In terms of school subjects, Art History was most certainly my first love. Of all the subjects I was lucky enough to be introduced to, Art History was the only class I was truly excited to attend. And although I never expected it, I fell head over heels for Early Modernism. Modern art (or if it should even be called art) has always been up for debate. It’s also one of those things that has a tendency to mystify people… not everyone really knows what it’s all about.
In Why Your Five Year Old Could Not Have Done That, Susie Hodge chooses a number of prominent modern artworks. She gives a brief description of the artist and the context of the piece, then goes on to explain why no child could have created that artwork.
It’s the kind of book that’s supposed to convince modern art’s skeptics of its value and complexity. I can’t say that I was overly impressed by this book.
I just didn’t find it convincing. For each piece, she seems to echo the same sentiment: Sure! In terms of skill, a five year old might be able to do this!
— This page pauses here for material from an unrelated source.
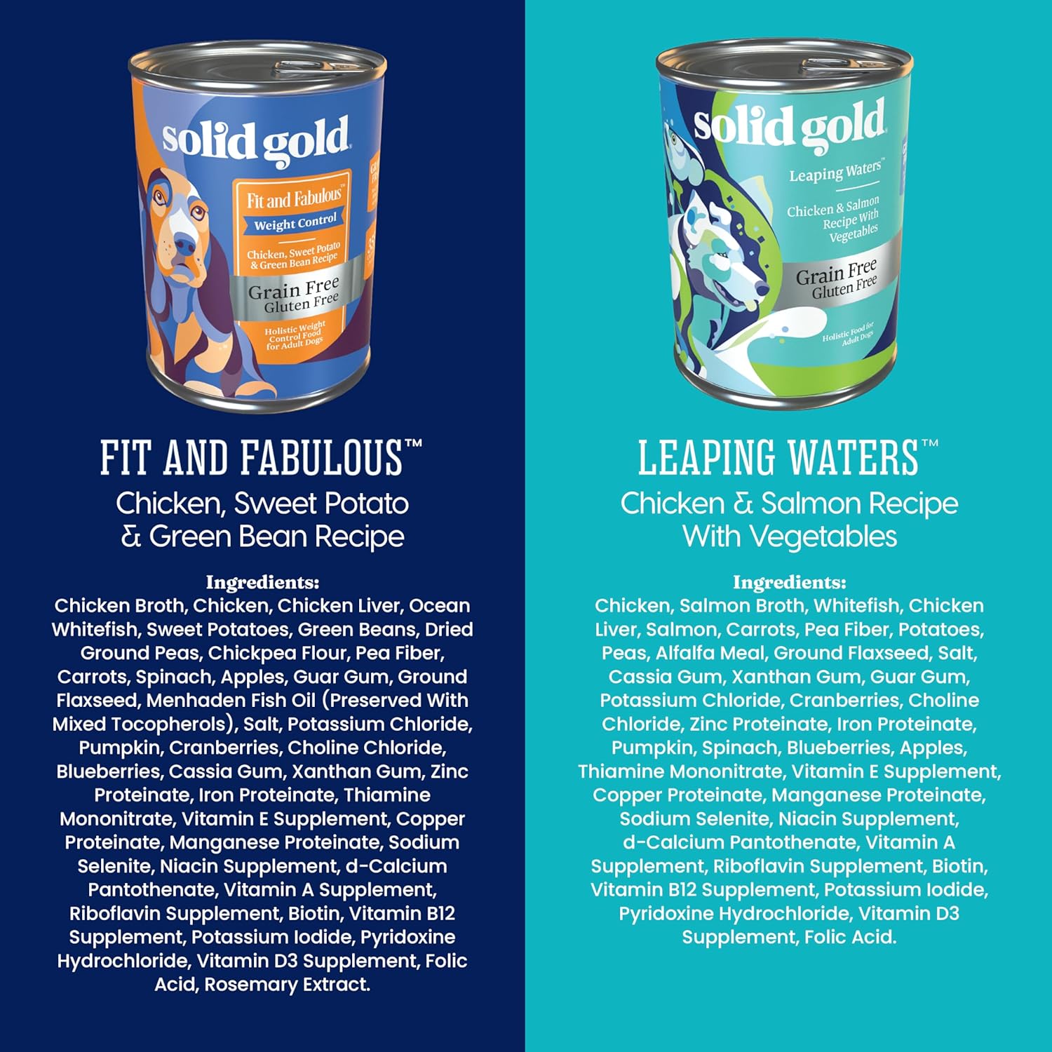 About this item Make Your Dog Leap for Something Fab! - Solid Gold Fit and Fabulous weight control dog food and Leaping Waters sensitive stomach dog food are grain free dog foods that supports gut, immune, skin, and coat health for any adult breed The Best Quality Ingredients - Loaded with superfood, antioxidants, and omega fatty acids that can support skin, coat, and immune system health for pet dogs of small, medium, or large sizes. Premium Weight Control - The Fit & Fabulous low fat, low calorie recipe is made with real chicken for a lean, nutrient rich source of protein that keeps calories and fat lower to support a healthy weight. Full-Body Health - Leaping Waters contains a balance of omega fatty acids and probiotics to enhance your dog's coat and support immune health, along with wholesome vegetables & superfoods that provide fiber and vitamins to aid digestion Convenient and Easy to Serve - Serve alone to give your dog a nutritionally complete and balanced meal, or serve as a meal topper or mixer along with our Solid Gold dry dog food products › See more product details

But then it wouldn’t be a wonderfully clever commentary on society, would it?
There were moments where she does admit that even in terms of skill, a five year old would not be able to create the artwork. Unfortunately, these moments are the book’s most convincing… which I rather think is hardly the point.
And sure, I get it. Context is important. But it’s not everything. And context isn’t the only reason why some of the chosen artworks are so well known.
Basically, it was a nice book. She wasn’t necessarily wrong about anything. I just don’t think it achieved its purpose. I find it hard to believe that anyone who truly believed that the majority of modern art is child’s play would be otherwise convinced by this book.
In my opinion, Will Gompertz’ What Are You Looking At? is much more successful and is hands-down what I would recommend to anyone who is hoping to get some insight into the world of modern art. Sure, it’s a little simplistic at times, but it’s meant to be an introduction… and it does that darn well.
Will Gompertz does a phenomenal job introducing people to the key players and philosophies that made modern art. He covers the bigger movements, the more famous artists, and some significant artworks. He does so in an interesting, humorous and convincing manner. Most importantly, all of his explanations are well-written and clear.
Admittedly, I do wish that there had been more pictures of the artworks. Directed at those who are unlikely to know the artworks by name, I would’ve thought that they’d be a nice touch.
That being said, I think this book would make a phenomenal introduction to modern art for those of you who have always been interested, but never known where to start.